▶ **TASK GOAL**
The data must be reproduced verbatim; images are to be omitted.
(DATA EXCERPT begins)
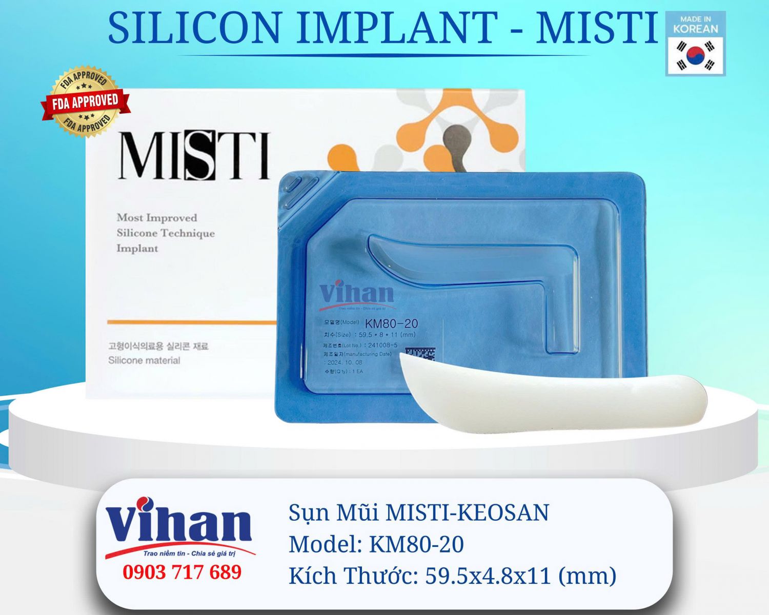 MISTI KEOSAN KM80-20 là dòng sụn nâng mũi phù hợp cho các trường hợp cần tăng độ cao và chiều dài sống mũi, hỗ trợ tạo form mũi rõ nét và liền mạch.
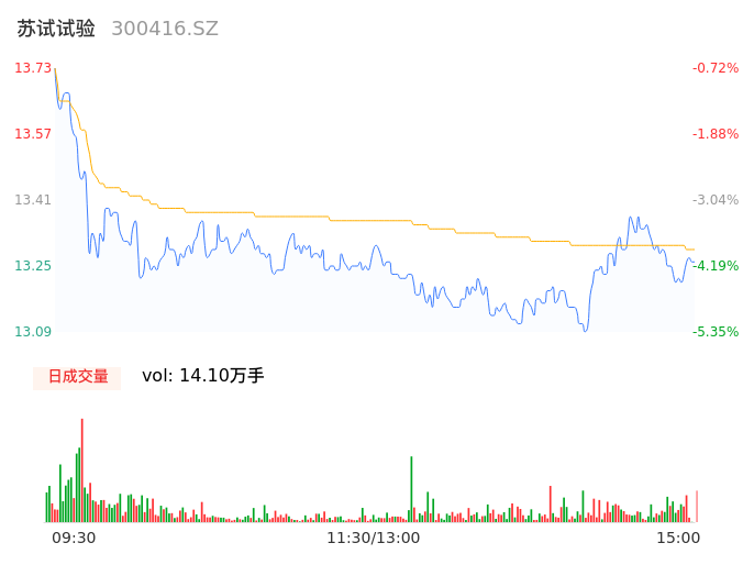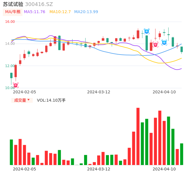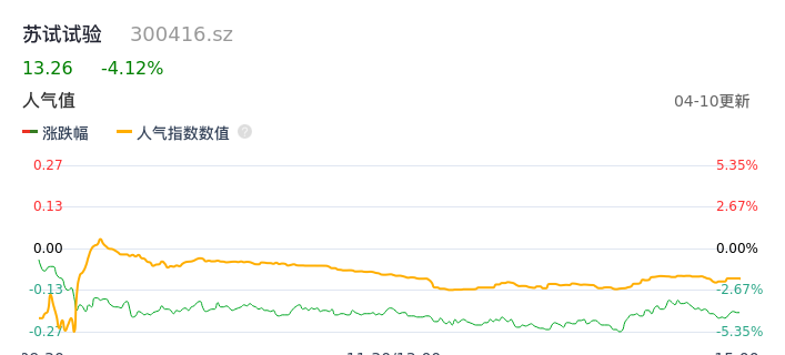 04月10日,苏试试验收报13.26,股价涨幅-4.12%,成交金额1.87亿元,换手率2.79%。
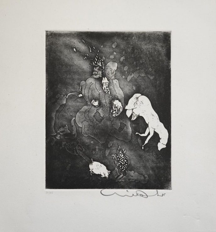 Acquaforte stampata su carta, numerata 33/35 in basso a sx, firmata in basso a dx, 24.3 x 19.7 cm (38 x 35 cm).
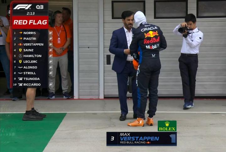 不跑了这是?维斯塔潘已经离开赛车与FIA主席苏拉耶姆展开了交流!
(DATA EXCERPT ends)
▶ **RESPONSE**
 MISTI KEOSAN KM80-20 là dòng sụn nâng mũi phù hợp cho các trường hợp cần tăng độ cao và chiều dài sống mũi, hỗ trợ tạo form mũi rõ nét và liền mạch.
 04月10日,苏试试验收报13.26,股价涨幅-4.12%,成交金额1.87亿元,换手率2.79%。
 Acquaforte stampata su carta, numerata 33/35 in basso a sx, firmata in basso a dx, 24.3 x 19.7 cm (38 x 35 cm).
 不跑了这是?维斯塔潘已经离开赛车与FIA主席苏拉耶姆展开了交流!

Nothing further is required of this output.